| YOUR INSTRUCTIONS |
Retype nothing except the lines below from the one with "p-type과 n-type을 접합하면" through the one with "High Quality Custom", exactly, with images left out.

| DATA LISTING |
════════

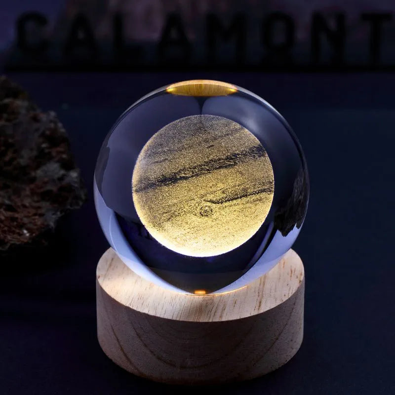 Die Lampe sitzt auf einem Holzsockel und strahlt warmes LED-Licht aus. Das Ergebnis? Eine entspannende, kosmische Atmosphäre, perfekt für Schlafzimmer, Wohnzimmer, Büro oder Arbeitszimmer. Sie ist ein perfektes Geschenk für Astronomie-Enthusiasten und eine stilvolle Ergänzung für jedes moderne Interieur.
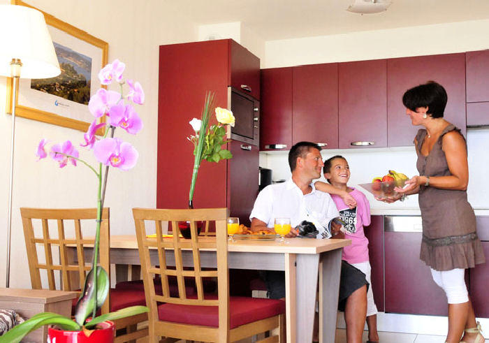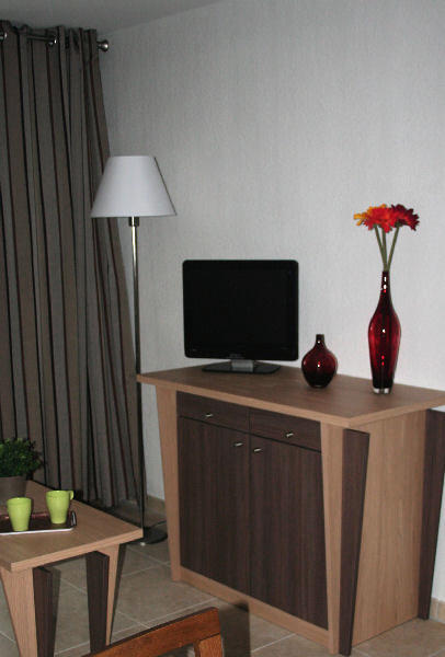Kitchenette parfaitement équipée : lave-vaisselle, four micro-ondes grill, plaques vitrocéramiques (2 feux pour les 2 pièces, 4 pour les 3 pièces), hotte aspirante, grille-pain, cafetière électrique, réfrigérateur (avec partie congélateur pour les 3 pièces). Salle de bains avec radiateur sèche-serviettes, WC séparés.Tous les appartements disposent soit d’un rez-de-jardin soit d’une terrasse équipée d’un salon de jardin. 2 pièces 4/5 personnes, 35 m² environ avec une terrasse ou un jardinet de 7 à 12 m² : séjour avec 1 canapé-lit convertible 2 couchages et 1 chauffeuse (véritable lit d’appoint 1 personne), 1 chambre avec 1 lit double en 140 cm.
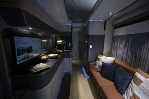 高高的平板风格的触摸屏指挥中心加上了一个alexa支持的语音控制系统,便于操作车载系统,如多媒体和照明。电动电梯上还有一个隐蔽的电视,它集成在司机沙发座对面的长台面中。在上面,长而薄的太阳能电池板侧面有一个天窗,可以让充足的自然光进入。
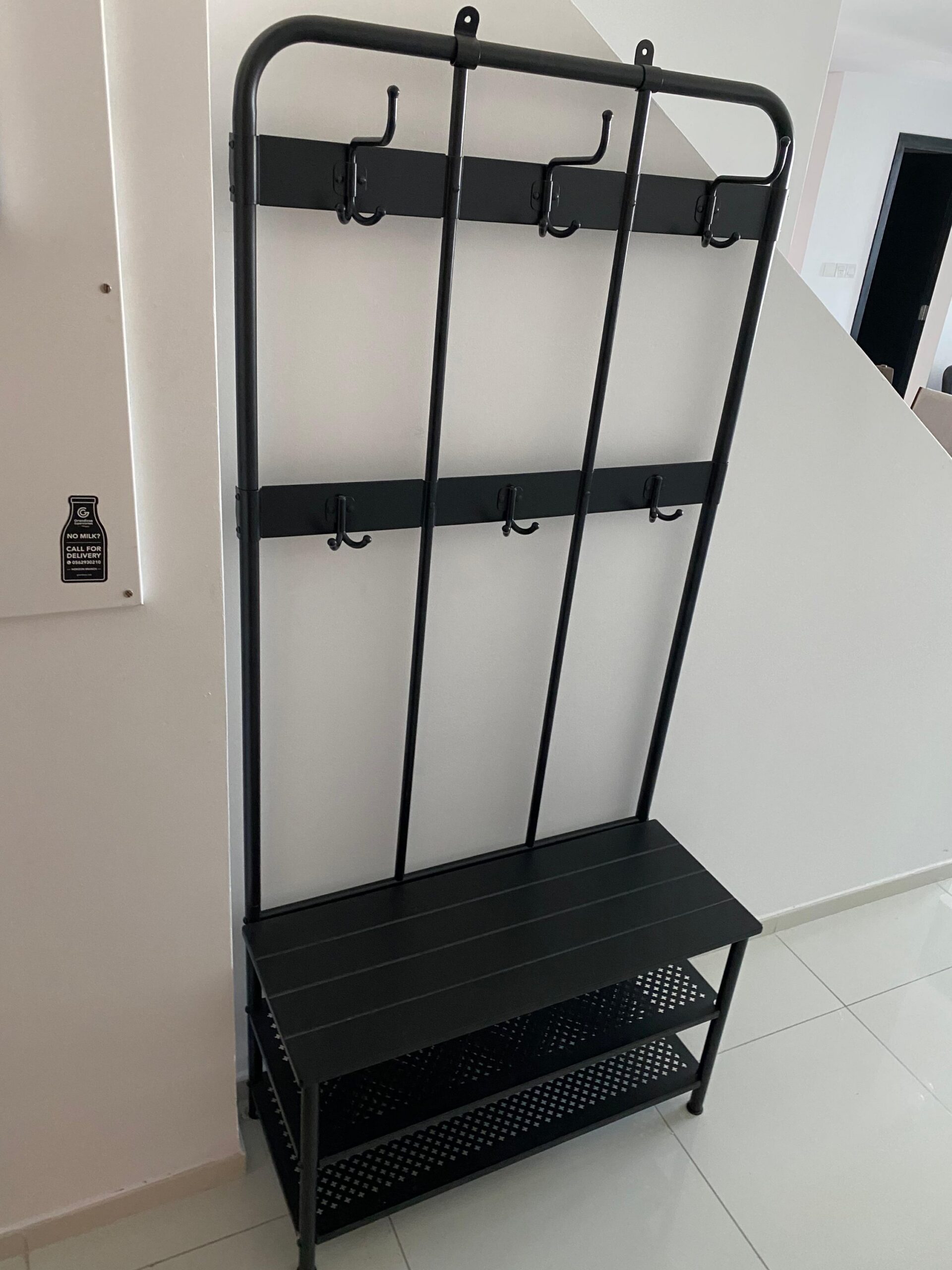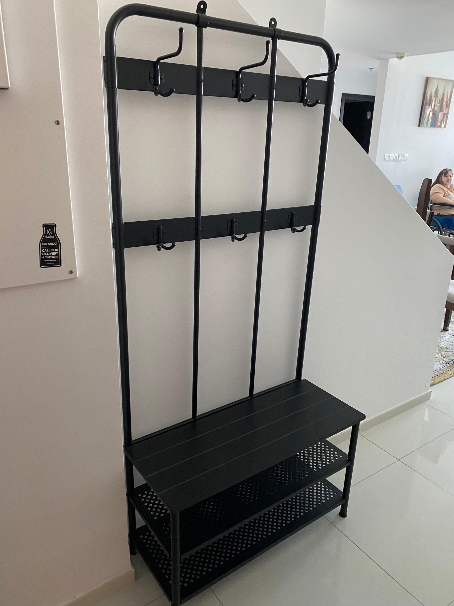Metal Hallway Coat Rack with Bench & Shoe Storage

════════

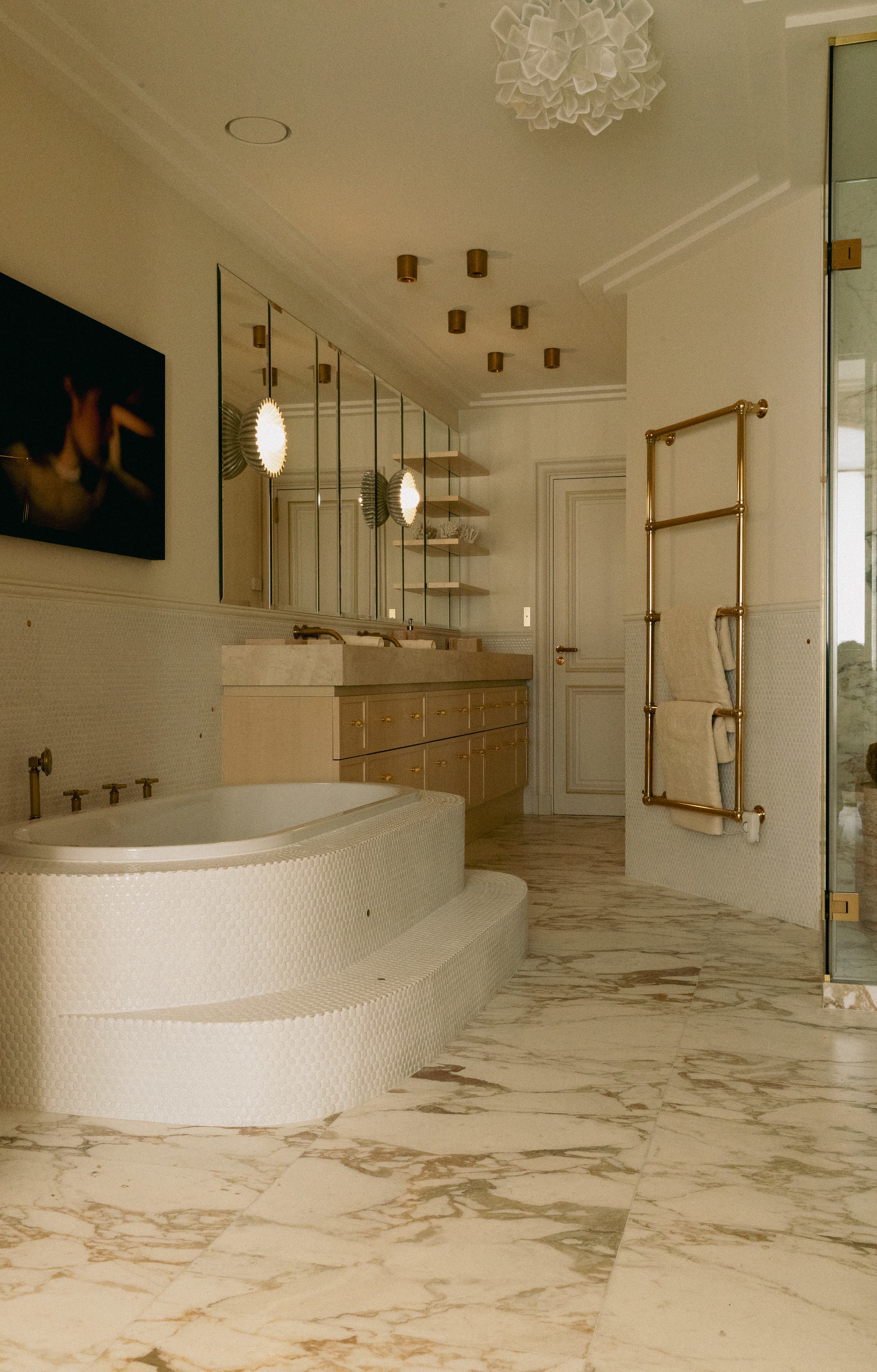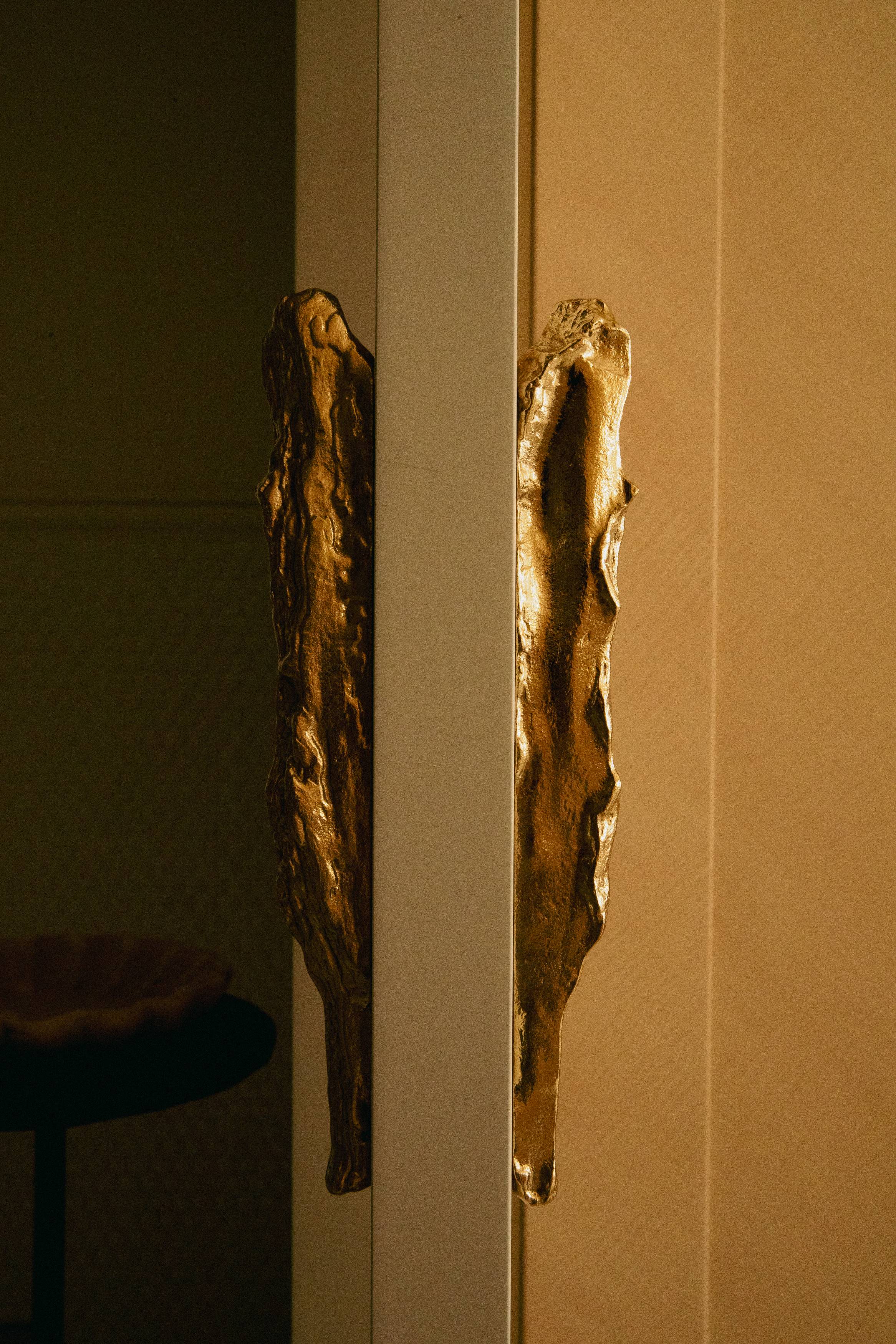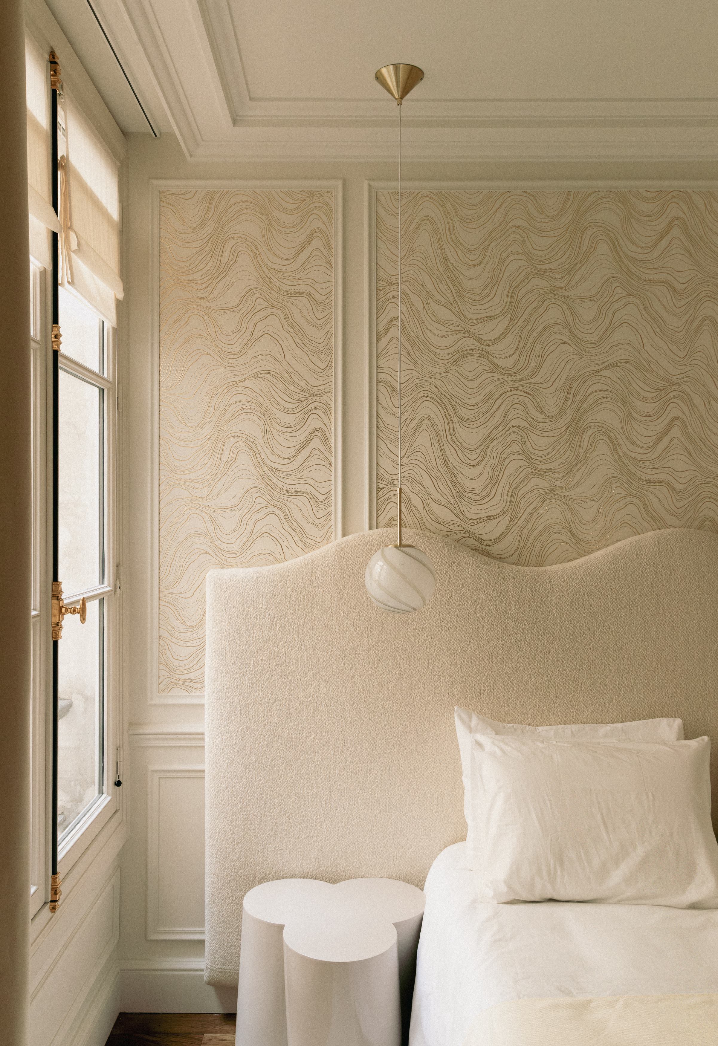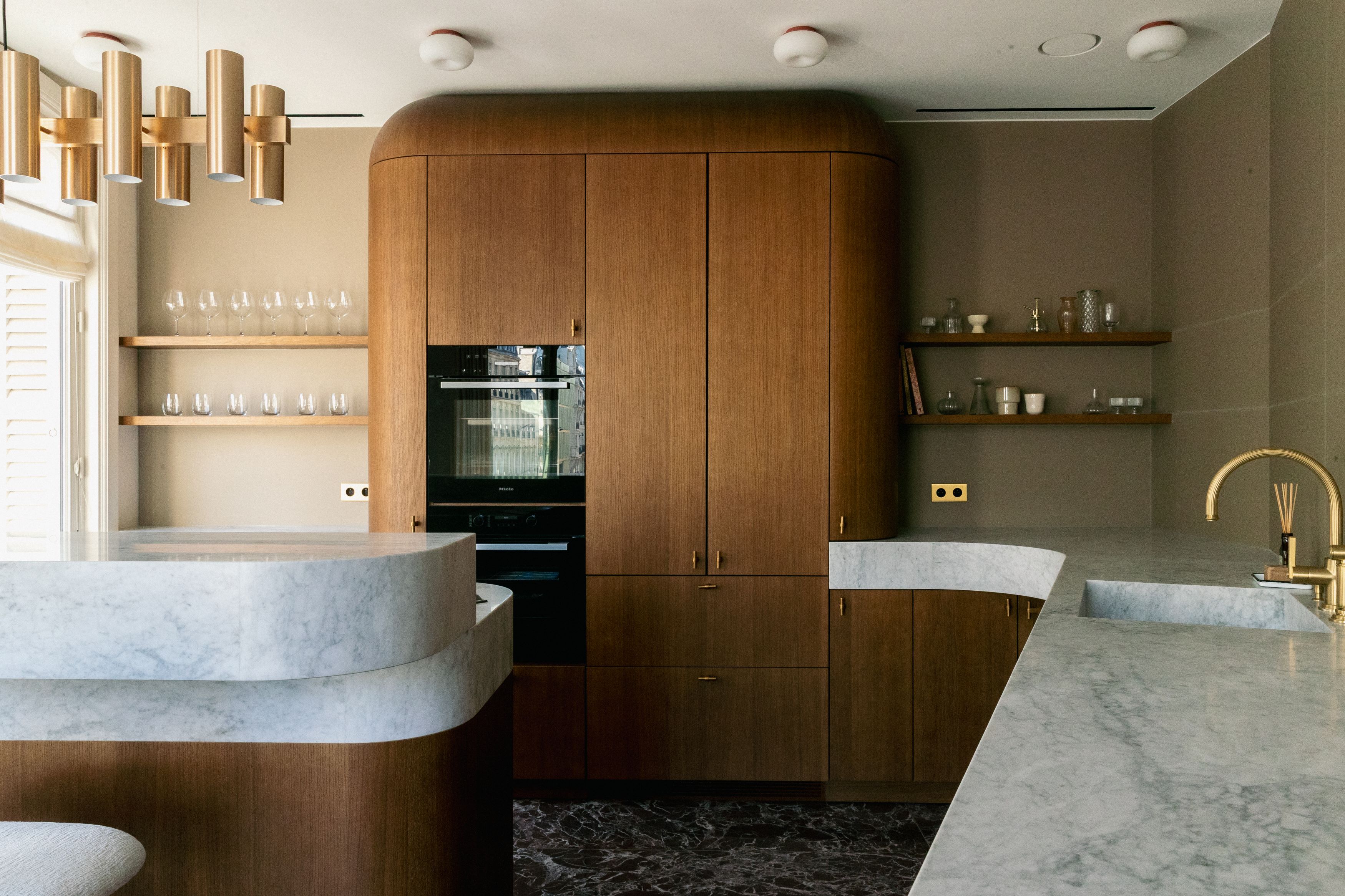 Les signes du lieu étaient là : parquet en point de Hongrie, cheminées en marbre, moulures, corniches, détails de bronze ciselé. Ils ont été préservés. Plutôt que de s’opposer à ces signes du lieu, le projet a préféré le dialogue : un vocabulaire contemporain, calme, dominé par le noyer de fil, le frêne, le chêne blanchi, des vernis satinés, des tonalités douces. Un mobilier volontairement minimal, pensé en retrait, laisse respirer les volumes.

════════

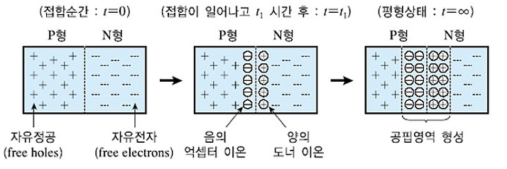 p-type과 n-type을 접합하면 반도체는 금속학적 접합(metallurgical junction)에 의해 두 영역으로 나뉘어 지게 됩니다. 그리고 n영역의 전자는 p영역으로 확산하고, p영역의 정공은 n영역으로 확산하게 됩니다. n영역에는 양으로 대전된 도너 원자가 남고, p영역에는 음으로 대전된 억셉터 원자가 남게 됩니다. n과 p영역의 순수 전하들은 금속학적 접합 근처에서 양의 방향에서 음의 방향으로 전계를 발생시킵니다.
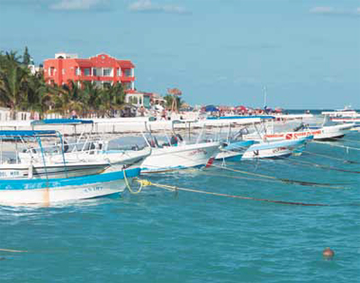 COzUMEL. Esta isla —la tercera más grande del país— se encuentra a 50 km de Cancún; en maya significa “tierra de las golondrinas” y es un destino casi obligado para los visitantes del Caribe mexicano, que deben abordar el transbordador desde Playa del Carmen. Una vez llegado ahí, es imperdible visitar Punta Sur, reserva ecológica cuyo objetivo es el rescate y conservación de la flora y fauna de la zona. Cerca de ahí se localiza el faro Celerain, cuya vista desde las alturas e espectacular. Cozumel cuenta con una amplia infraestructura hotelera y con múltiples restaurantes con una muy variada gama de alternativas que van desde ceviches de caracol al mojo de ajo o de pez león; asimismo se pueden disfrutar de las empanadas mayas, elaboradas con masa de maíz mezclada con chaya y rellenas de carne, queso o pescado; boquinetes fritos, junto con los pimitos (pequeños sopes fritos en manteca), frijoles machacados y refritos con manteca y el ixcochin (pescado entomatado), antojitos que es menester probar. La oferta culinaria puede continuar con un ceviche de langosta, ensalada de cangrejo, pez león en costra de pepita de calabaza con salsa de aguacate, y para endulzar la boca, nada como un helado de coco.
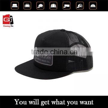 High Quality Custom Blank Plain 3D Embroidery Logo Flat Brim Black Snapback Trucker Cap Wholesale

════════

| SOLUTION |
 p-type과 n-type을 접합하면 반도체는 금속학적 접합(metallurgical junction)에 의해 두 영역으로 나뉘어 지게 됩니다. 그리고 n영역의 전자는 p영역으로 확산하고, p영역의 정공은 n영역으로 확산하게 됩니다. n영역에는 양으로 대전된 도너 원자가 남고, p영역에는 음으로 대전된 억셉터 원자가 남게 됩니다. n과 p영역의 순수 전하들은 금속학적 접합 근처에서 양의 방향에서 음의 방향으로 전계를 발생시킵니다.
 COzUMEL. Esta isla —la tercera más grande del país— se encuentra a 50 km de Cancún; en maya significa “tierra de las golondrinas” y es un destino casi obligado para los visitantes del Caribe mexicano, que deben abordar el transbordador desde Playa del Carmen. Una vez llegado ahí, es imperdible visitar Punta Sur, reserva ecológica cuyo objetivo es el rescate y conservación de la flora y fauna de la zona. Cerca de ahí se localiza el faro Celerain, cuya vista desde las alturas e espectacular. Cozumel cuenta con una amplia infraestructura hotelera y con múltiples restaurantes con una muy variada gama de alternativas que van desde ceviches de caracol al mojo de ajo o de pez león; asimismo se pueden disfrutar de las empanadas mayas, elaboradas con masa de maíz mezclada con chaya y rellenas de carne, queso o pescado; boquinetes fritos, junto con los pimitos (pequeños sopes fritos en manteca), frijoles machacados y refritos con manteca y el ixcochin (pescado entomatado), antojitos que es menester probar. La oferta culinaria puede continuar con un ceviche de langosta, ensalada de cangrejo, pez león en costra de pepita de calabaza con salsa de aguacate, y para endulzar la boca, nada como un helado de coco.
 High Quality Custom Blank Plain 3D Embroidery Logo Flat Brim Black Snapback Trucker Cap Wholesale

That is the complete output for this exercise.